Well yes in the case of hotplug I guess ... Ok here is V2
From cl@gentwo.org Fri Dec 8 13:11:58 2023
From: "Christoph Lameter (Ampere)" <cl@gentwo.org>
To: Catalin Marinas <catalin.marinas@arm.com>, Marc Zyngier <maz@kernel.org>, Will Deacon <will@kernel.org>, Ryan Roberts <ryan.roberts@arm.com>, Mark Rutland <mark.rutland@arm.com>, Vishal Moola <vishal.moola@gmail.com>
Cc: linux-arm-kernel@lists.infradead.org, linux-mm@kvack.org
Subject: [PATCH] ARM64: Implement arch_report_meminfo()
V1->V2 hotplug and umapping support
X86 has information in /proc/meminfo showing the use of large mappings
for the kernel direct map.

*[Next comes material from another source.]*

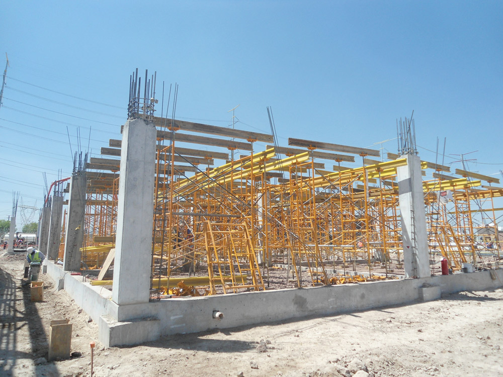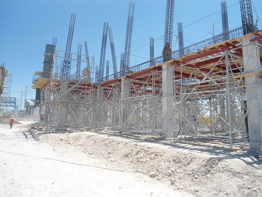 Se utilizan torres de Cimbra G como sistema de apuntalamiento y trabes VM20 como trabes de primera tramada, la segunda tramada fue por cuenta de obra. La obra solicitó completo apoyo de la trabe de primera tramada sobre el cabezal por lo que se implementó una solución especial mediante Cabezales Doble Entrada VM-DU, un casquillo metálico y tornillería de alta resistencia al corte para generar un cabezal especial orientable que pudiera ser acoplado directamente al husillo. Este cabezal permitió el completo apoyo de la trabe de primera tramada disminuyendo considerablemente la excentricidad que se genera con la solución convencional en losas inclinadas.
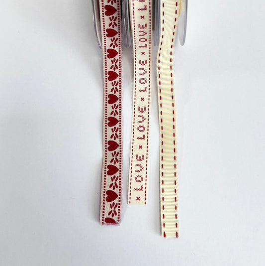 Red & Cream Love Ribbon | Gift Wrap | Hearts Love Stitch | 15mm Grosgrain Craft | Valentine's Craft

This has now also become important for
ARM since the kernel default CONFIG_RODATA_FULL_DEFAULT_ENABLED
forces 4K PTE use for the direct map and users may not be aware
of the performance impact of the increased TLB use etc.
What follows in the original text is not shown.